Build a new prototype programming environment based on more new and modern ideas learned from experience and academia.

These include:

  • Familiar programming language - a programming language that will be fimiliar to most people; built on top of C++, but with ideas taken from Java, C#, Swift, Erlang, Scala, Lisp, Smalltalk, …
  • Static type system - the programmer must be clear and explicit about what the program is doing.
  • Use the static type system to solve more problems:
    • No null pointer exceptions - “The Billion Dollar Mistake” has plagued us for too long, and most more modern languages are solving this quite neatly.
    • Some people don’t see this as a big deal. Sure:
    • If you check all your pointers in Java, C#, C++.
    • Or you use references (in C++) or stack values.
    • Or you remember to anotate them with @null and @notnull (or whatever).
    • Pointers, who needs ‘em.
    • Optionality is useful for saying “Zero or One of X”. Example “ParseInt(String) -> Int? either returns the integer or null meaning you lose). Think of it as a soft-error return.
    • The static type system encodes the optionality in the type, and you can’t get round it without being explicit (ie. I “assert” it cannot be null).
    • Programs always can crash :-(
    • See Error 1.
    • Non-exceptional run-time error handling - the programmer must explicitly and consciously handle the problems user’s might face as close to the source as possible.
    • Exceptions were initially thought of as a good solution, but have proven to be a “bad” idea, though many people havn’t realized or agree on this yet.
  • Garbage collection - the programmer is absolved from worrying about memory management, computers are much better at doing this labor intensive task without error. This is contentious with some programmers; the answer to that is you shouldn’t do this for low level programming, but we’re not dealing in this area, so it’s good and right to do so.
  • Concurrency - modern computers have multiple processors, to use these effectively the programmer needs an easy way to use the CPUs effectively.
  • Use task/actor systems that share only immutable data, no locking and no mutation means the programmer can more easily understand how to do this well and without bugs.
  • Self awareness - The programming language provides a library to understand itself fully:
    • Convert text to an in-memory editable data structure.
    • Convert this in-memory structure back to text.
    • Analyze these data structures for full meaning, cross referencing, and compile time (programmer) errors.
    • Provide layers on top for editors, scripting, compilation, debugging and interactive features that are commonly needed.
  • Prototype - showing some of the basic required features listed in Background earlier, showing how easy such tools are to build given the foundation:
    • Find Definition
    • Find Reference
    • Auto Complete
    • Error Highlighting
  • Prototype stretch - show some cool and mandatory but important features to prove it really can work:
    • “Google Maps” Code View - this is an “exciter” in that I’ve not seen it done in many products, only hinted at in research.
    • Exporter
    • Compilation
    • Interactive Session

Status

On September 14, 2015

Rough completion for this years goal (not for a full final implementation) from the above list:

  • Familiar programming language - done
  • Static type system - done
  • No null pointer exceptions - done
  • Non-exception run-time error handling - done
  • Garbage collection - 80%
  • Concurrency - Deferred; this problem is complex to implement, not required to progress, and has already been proven to work very well on other projects.
  • Self-awareness - 50%
  • Prototype - 0%
  • Prototype stretch - 0%

Some stats, which if you’re aware of programmer productivity is very high. However I’ve been careful to work only about 8 hours for 6 days of the week to avoid burn out.

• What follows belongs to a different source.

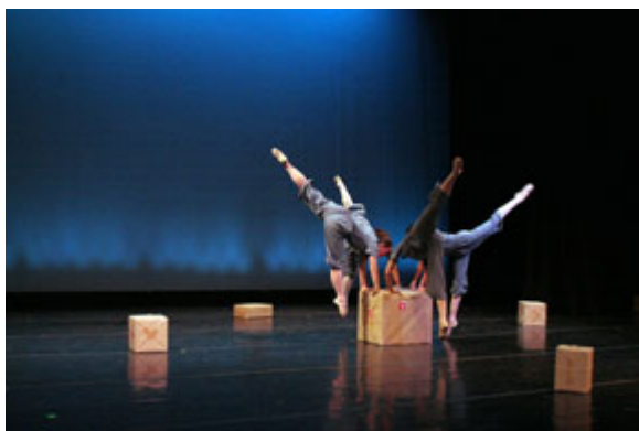
Arvada Center Dancers in performance.

The Arvada Center for the Arts Dance Program , 6901 Wadsworth Blvd, will hold their Ballet IV/V Dance Camp FOR AGES 12-17, 1:00-4:00 pm during the above dates. In addition to ballet and pointe technique, dancers learn parts of famous Balanchine ballets; some new techniques for mastering turns; pilates-based conditioning for flexibility and core strength; and how to apply stage makeup for theaters of all sizes. Tuition cost is $100. This camp is for intermediate to advanced dancers with four or more years of training. Students are asked to bring 2-3 pieces of music to the first class for inspiration. Contact: www.arvadacenter.org .

  • Lines of code written to date (from Jan 1st): 145,000
  • Average daily line count: 650
  • Number of code files: 25300
  • Total committed changes: 2670

On October 27, 2015

I’ve completed the Prototype goals already two months ahead of schedule! :-D

Info

Though not the stretch ones though, they were optional; they’ll eventually get done when it makes sense.

The plan was to finish the prototype in November and December, but though it’s taken nine months to program the “brains” of the project, once that was done it took only two weeks to implement the prototype features as extensions for an existing editor (Emacs).

On Feb 29, 2016

The Harth website goes live.

  • Initially just the home page.
  • Eventually will host Harth blog.
    • Organized by date.
  • Eventually will host Harth Technical Reference and API documentation.
    • Organized by language and version.
    • Automatically built from Harth code itself.

Financing and Business Plan

This project is NOT a business. Essentially I’m on sabbatical from work and doing research and development using some savings.

This project is entirely self funded. I’ll run out of money sometime in 20162017.

I have some ideas on a business plan; for now I only need money to live and eat.

The short term plan:

The long term plan (subject to changing my mind on a whime) is:

  • The product will should hopefully “almost” free, as in peanuts.
    • Probably a yearly subscription.
    • Think Atlassian Jira “free” model.
  • It will remain under my control (which means you can give me lots of cash, I just get to keep 51%).
  • I reserve the right to sell it to whoever I like for one trillion-billion whatevers. I’m not greedy however and thus:
    • Head towards inverse tithing (I keep 10%, give away 90% to worthy causes/endeavours).
    • I’d probably only buy a reasonable house and car.
    • Do lots of cool things for education, software and charity.
    • I may occasionally splash out on a nice holiday or a first class plane ticket.
  • I’m well aware that the likelihood of this leading to success is minimal.
    • Failing this, I’ll go get a normal job making software controlled widgets for space drones.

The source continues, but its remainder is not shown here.